▶ Required work: All the data below goes into the copy word for word, but the pictures don't.

▶ Provided records:
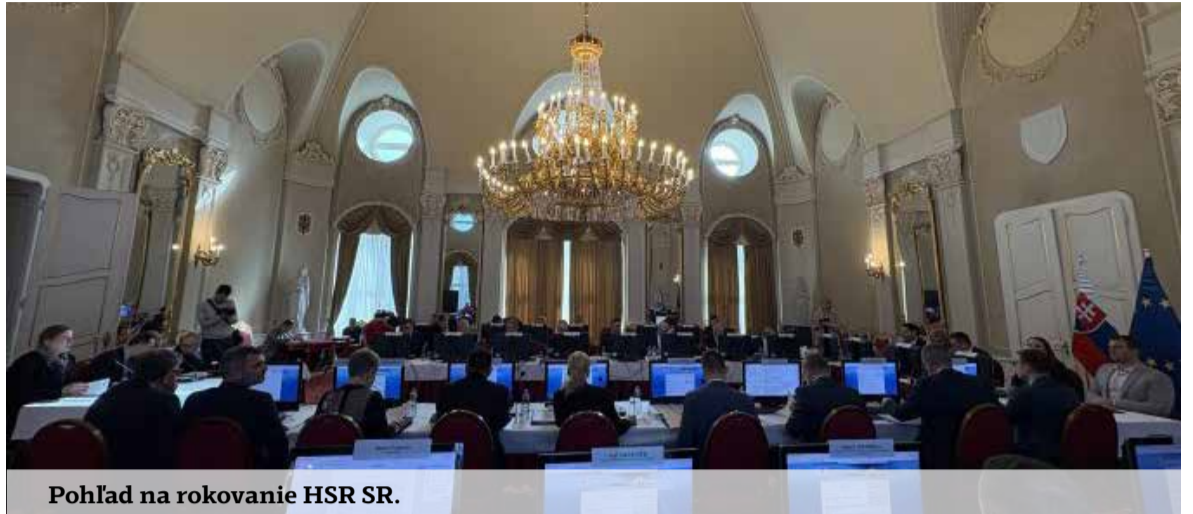
Pohľad na rokovanie HSR SR.

služby v oblasti ochrany verejného poriadku a bezpečnosti.
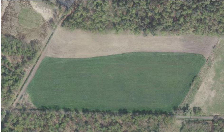
Figuur 3.2. BuursHege midden in 2019 met Engels raaigras en strook mais langs bosrand

In BuurserHege midden wordt bos aangeplant, een kleine speelweide aangelegd en bosweg met ontwikkeling van struweelrijke bosranden. Hier vindt beperkt verplaatsing van grond plaats voor de ontwikkeling van laagten en wallen. Deze werkzaamheden vindt binnen het perceel plaats. Buiten het perceel zijn geen werkzaamheden of ingrepen voorzien. De verwachting is dat binnen 20 jaar hier leefgebied ontstaat voor o.a. 10 soorten broedvogels.
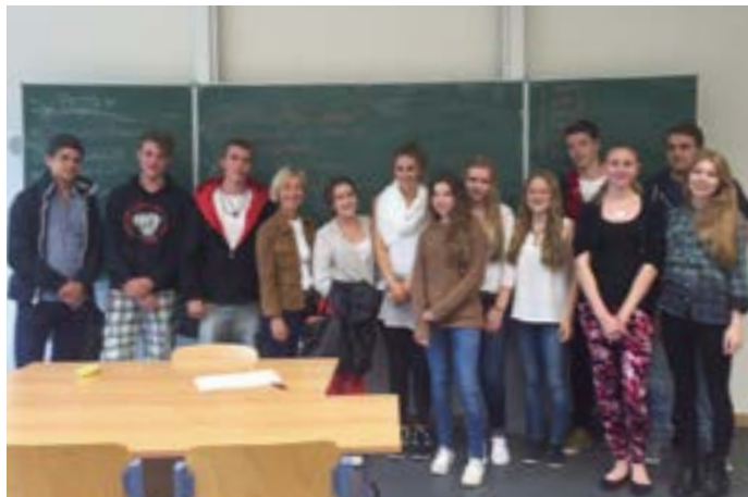
Zeitgeschichtlicher Schülerwettbewerb: Tutzinger Gymnasiasten vorn
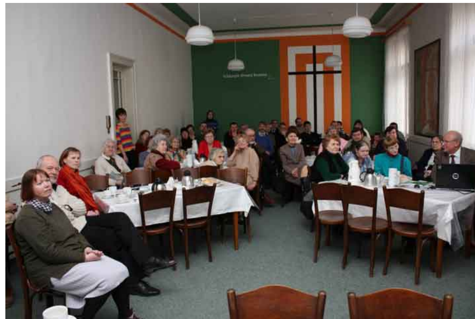
Z poslední sborové neděle
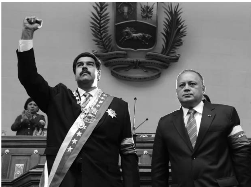
El Presidente Encargado de Venezuela, Nicolás Maduro, y el presidente del Parlamento, Diosdado Cabello.
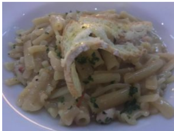
Mischiato di Gragnano, ragù di pesce di scoglio, molluschi e crostacei con chips di pane all'aglio

Omaggio a Gragnano, città della pasta per il primo piatto: mischiato di Gragnano, ragù di pesce di scoglio, molluschi e crostacei con chips di pane all'aglio.
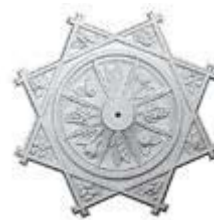
Потолочная розетка в форме восьмиконечной звезды фирмы BALLEDECOR.

Высокотехнологичное производство позволяет добиться четкого рельефа и точных размеров, что исключает технологическую подгонку деталей в процессе монтажа и гарантирует четкость рельефа даже после многократного окрашивания. Установка изделий из пенополиуретана отличается быстротой, чистотой и легкостью, особенно в сравнении с установкой аналогичных изделий из гипса, дерева и бетона. Лепниной из полистирола
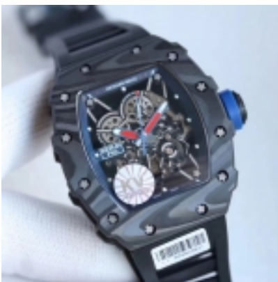
Richard Mille Rafael Nadal RM35-1
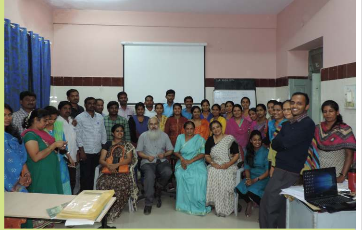
ಬಾಲಕರ ಬಾಲಮಂದಿರದಲ್ಲಿ ನಡೆದ ಕೌನ್ಸಿಲರ್‌ಗಳ ತರಬೇತಿ ಕಾರ್ಯಾಗಾರ ದಿನಾಂಕ: 22.06.2016
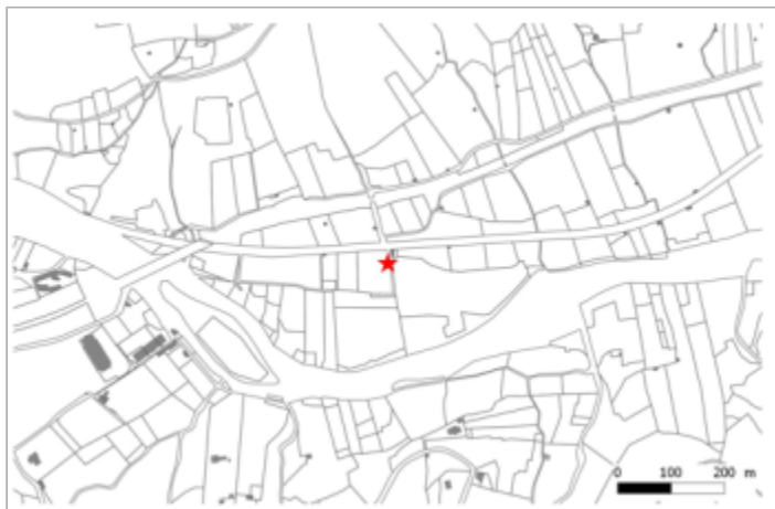
Scierie à les Madheilhan

Coordonnées WGS84 : X: 2.92337070 / Y: 43.55720100
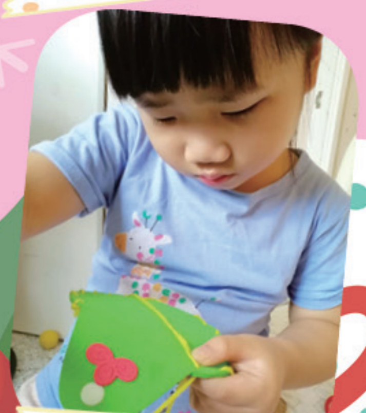
繩子穿過去，小袋子就快完成了！
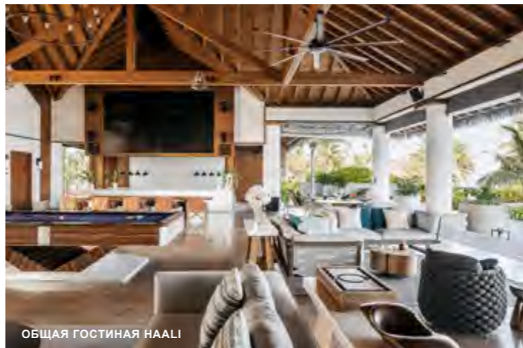
ОБЩАЯ ГОСТИНАЯ НААЛИ
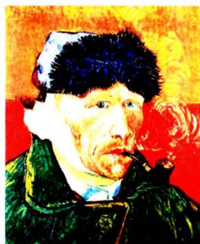
Рис. 8 б. Винсент Ван Гог. Автопортрет с перевязанным ухом и трубкой
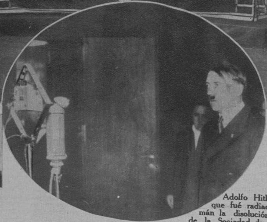
El Canciller de Alemania, Adolfo Hitler, pronunciando el discurso que fué radiado anunciando al pueblo alemán la disolución del Reichstag y la retirada de la Sociedad de Naciones.
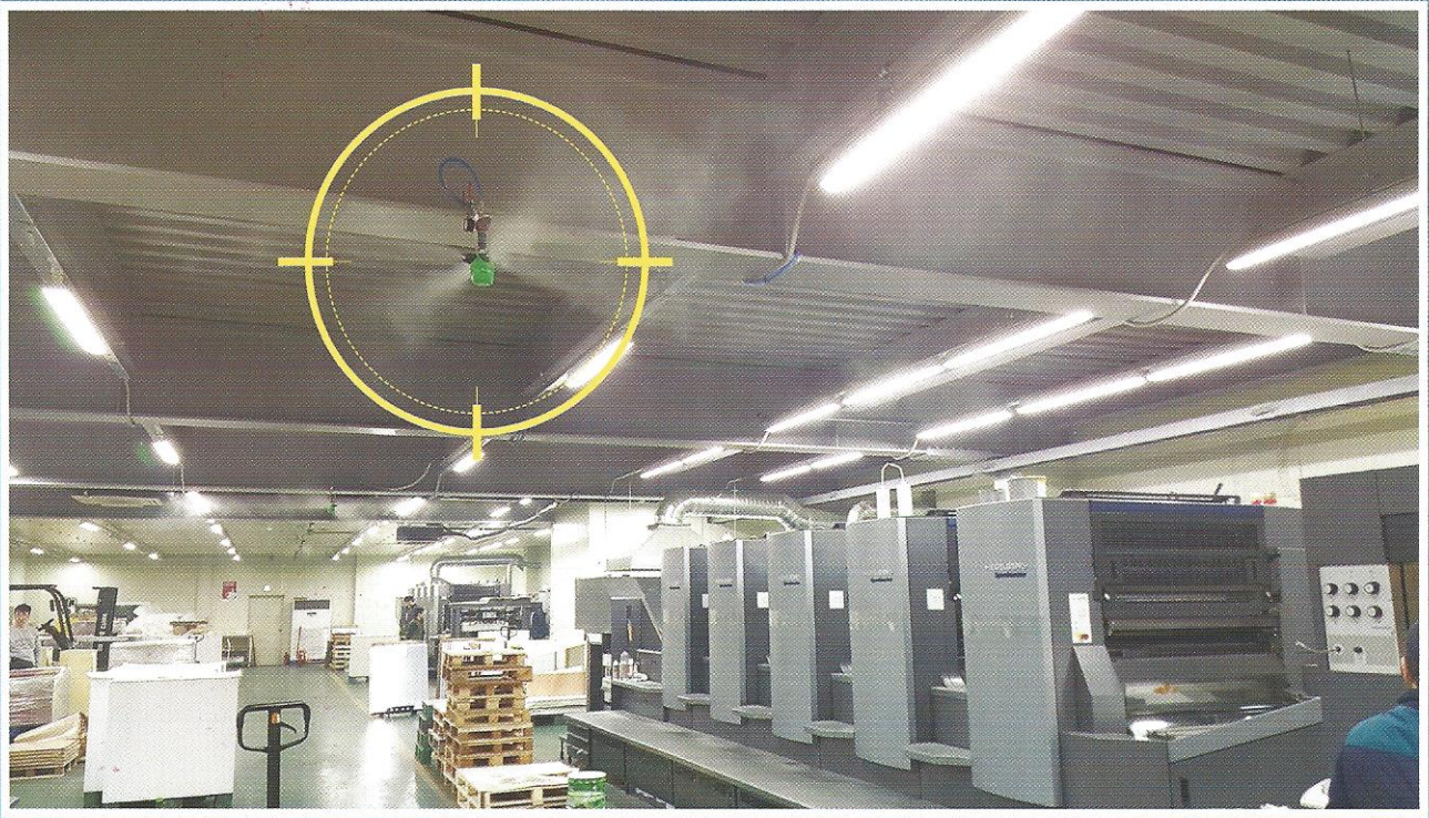
현장 설치 예

▶ Your solution:
Pohľad na rokovanie HSR SR.

služby v oblasti ochrany verejného poriadku a bezpečnosti.
Figuur 3.2. BuursHege midden in 2019 met Engels raaigras en strook mais langs bosrand

In BuurserHege midden wordt bos aangeplant, een kleine speelweide aangelegd en bosweg met ontwikkeling van struweelrijke bosranden. Hier vindt beperkt verplaatsing van grond plaats voor de ontwikkeling van laagten en wallen. Deze werkzaamheden vindt binnen het perceel plaats. Buiten het perceel zijn geen werkzaamheden of ingrepen voorzien. De verwachting is dat binnen 20 jaar hier leefgebied ontstaat voor o.a. 10 soorten broedvogels.
Zeitgeschichtlicher Schülerwettbewerb: Tutzinger Gymnasiasten vorn
Z poslední sborové neděle
El Presidente Encargado de Venezuela, Nicolás Maduro, y el presidente del Parlamento, Diosdado Cabello.
Mischiato di Gragnano, ragù di pesce di scoglio, molluschi e crostacei con chips di pane all'aglio

Omaggio a Gragnano, città della pasta per il primo piatto: mischiato di Gragnano, ragù di pesce di scoglio, molluschi e crostacei con chips di pane all'aglio.
Потолочная розетка в форме восьмиконечной звезды фирмы BALLEDECOR.

Высокотехнологичное производство позволяет добиться четкого рельефа и точных размеров, что исключает технологическую подгонку деталей в процессе монтажа и гарантирует четкость рельефа даже после многократного окрашивания. Установка изделий из пенополиуретана отличается быстротой, чистотой и легкостью, особенно в сравнении с установкой аналогичных изделий из гипса, дерева и бетона. Лепниной из полистирола
Richard Mille Rafael Nadal RM35-1
ಬಾಲಕರ ಬಾಲಮಂದಿರದಲ್ಲಿ ನಡೆದ ಕೌನ್ಸಿಲರ್‌ಗಳ ತರಬೇತಿ ಕಾರ್ಯಾಗಾರ ದಿನಾಂಕ: 22.06.2016
Scierie à les Madheilhan

Coordonnées WGS84 : X: 2.92337070 / Y: 43.55720100
繩子穿過去，小袋子就快完成了！
ОБЩАЯ ГОСТИНАЯ НААЛИ
Рис. 8 б. Винсент Ван Гог. Автопортрет с перевязанным ухом и трубкой
El Canciller de Alemania, Adolfo Hitler, pronunciando el discurso que fué radiado anunciando al pueblo alemán la disolución del Reichstag y la retirada de la Sociedad de Naciones.
현장 설치 예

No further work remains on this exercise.